The Corner

Boehner Plans Short-Term CR

Speaker John Boehner strongly hinted on a conference call with rank-and-file House Republicans that the upcoming continuing resolution will not be a do-or-die fight over Obamacare spending.

“Our intent is to move quickly on a short-term continuing resolution [CR] that keeps the government running and maintains current sequester spending levels,” Boehner told members, according to a person on the call.

While Boehner did not explicitly rule out using the CR for an Obamacare fight, other sources on the call said it was clear he preferred not to use the spending bill to draw a line in the sand. “He didn’t rule it out, but indicated to members that defund through CR is not the best strategy,” a second source said. Beyond the CR, in November or December, lies a needed debt-ceiling increase that the House GOP has long planned to use as leverage.

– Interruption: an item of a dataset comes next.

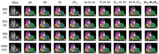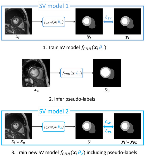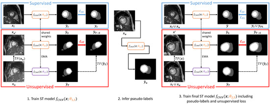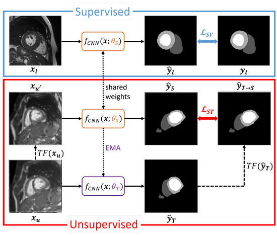 - Bai, W.; Oktay, O.; Sinclair, M.; Suzuki, H.; Rajchl, M.; Tarroni, G.; Glocker, B.; King, A.; Matthews, P.M.; Rueckert, D. Semi-supervised learning for network-based cardiac MR image segmentation. In Proceedings of the Medical Image Computing and Computer Assisted Intervention–MICCAI 2017, Quebec City, QC, Canada, 11–13 September 2017; Lecture Notes in Computer Science. Springer International Publishing: Cham, Switzerland, 2017; pp. 253–260. [Google Scholar] [CrossRef]

Boehner also told Republicans it’s important for the GOP to hang tough on the sequester spending cuts and said he will keep to the GOP’s current strategy of highlighting politically unpopular provisions of the health care law.

On the sequester:

The president is desperate to get rid of the sequester . . . so desperate that he says he’ll shut down the government if Congress follows the law and funds the government at the levels his sequester mandates. The president’s threat to shut down the government if we implement his sequester is not a defensible position. The American people won’t stand for it, and we’re not going to be swayed by it. When we return, our intent is to move quickly on a short-term continuing resolution [CR] that keeps the government running and maintains current sequester spending levels. Our message will remain clear: Until the president agrees to better cuts and reforms that help grow the economy and put us on path to a balanced budget, his sequester — the sequester he himself proposed, insisted on, and signed into law — stays in place.

On Obamacare strategy:

We will also continue to implement the plan to stop Obamacare that I outlined last month. The delays the administration has been forced to implement in the health-care law have given us a golden opportunity to talk about fairness: “If big business gets relief from the president’s health-care law, families and small businesses should, too.” This message strikes a chord with Americans. When people hear it, it resonates. The president has already signed seven bills delaying or repealing parts of his health-care law. We’re going to keep the pressure on the president and Senate to act on the delay bills that passed the House in July with significant bipartisan support. You may have seen Shelly Moore Capito do this in Saturday’s GOP weekly address. We’re going to keep holding votes that chip away at the legislative coalition the president is using to force Obamacare on the nation.